Padişahlar İçki İçer Miydi ?

13-07-2009 tarihinde kanalın birindi (atv) tarihçi olarak sunulan Prof.Halil Berkay,topkapı sarayında içkili bir kutlamayı protesto edenler ağır bir şekilde saldırıp,kaos ortamı oluşturmak için mal bulmuş mağribi gibi saldırmalarını fırsat bulanlar gibi,bu tarihçi de pervasızca;’Bütün osmanlı padişahlarının hepsi de içerdi.”demesi,belli ki araştırma ve belgeli konuşmaya dayanmadan,tamamen hissi,belki de kin ve nefretle karışık bir çıkışın eseriydi.

Bunun üzerine belgeli konuşmak için bir araştırmaya koyulduğumda, epeyce çalışmaların mevcut olduğunu gördüm.

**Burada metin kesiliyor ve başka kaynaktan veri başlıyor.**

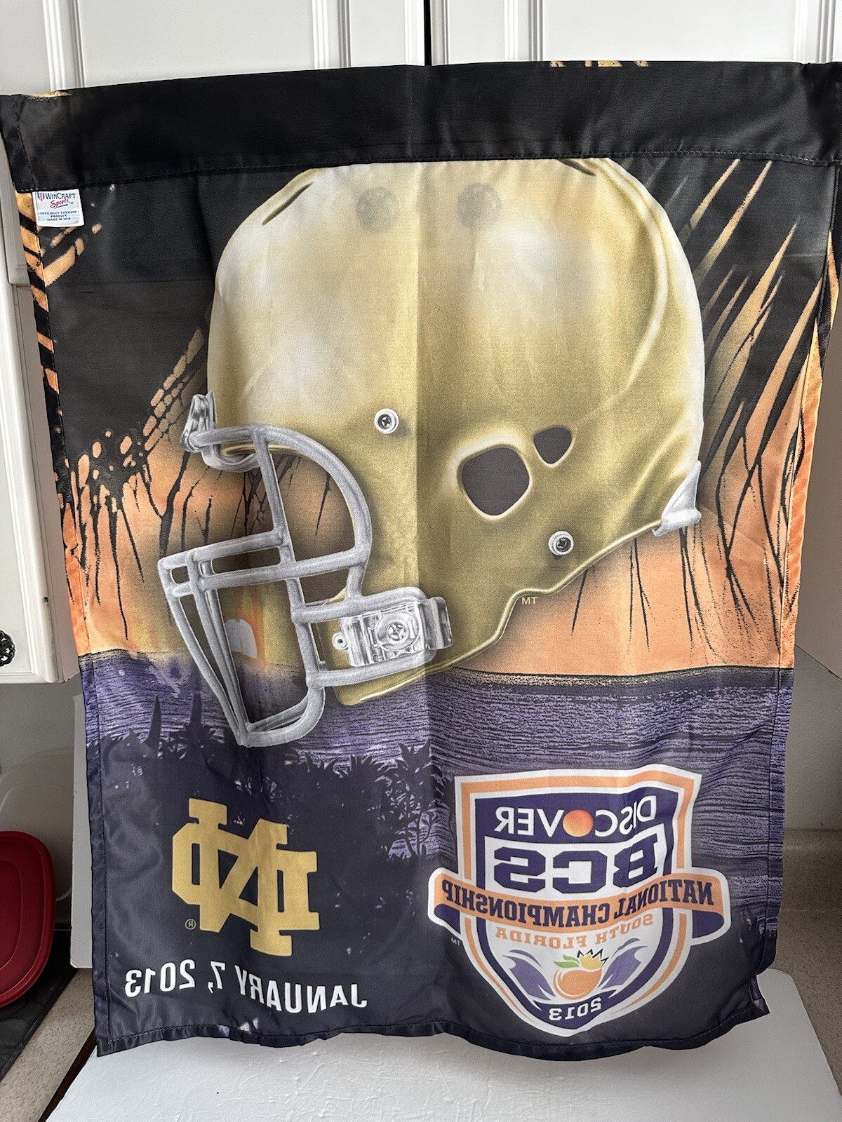 This product is a used vertical flag features the University of Notre Dame Fighting Irish. The flag was made by WinCraft and commemorates the team's 2013 BCS National Championship win. It falls under the categories of Sports Mem, Cards & Fan Shop and Fan Apparel & Souvenirs for College-NCAA.

Eğer genel bir hüküm vermek gerekirse;’Osmanlı padişahlarının hepsi de evliyadır.’demek,içki içerlerdi demekten daha mantıklı,anlayışlı ve seviyeli bir davranış olurdu.
Hiç bir şey hatırlanmıyorsa bile;4.Muradın genel koymuş olduğu yasak bile hatırlanması daha insaflı olurdu.O da Aziz Mahmut Huda-iye mensub idi.
Ve bu insanların Mekkeye ve Rasulullaha aşık oldukları en cahili tarafından bile bilinmektedir.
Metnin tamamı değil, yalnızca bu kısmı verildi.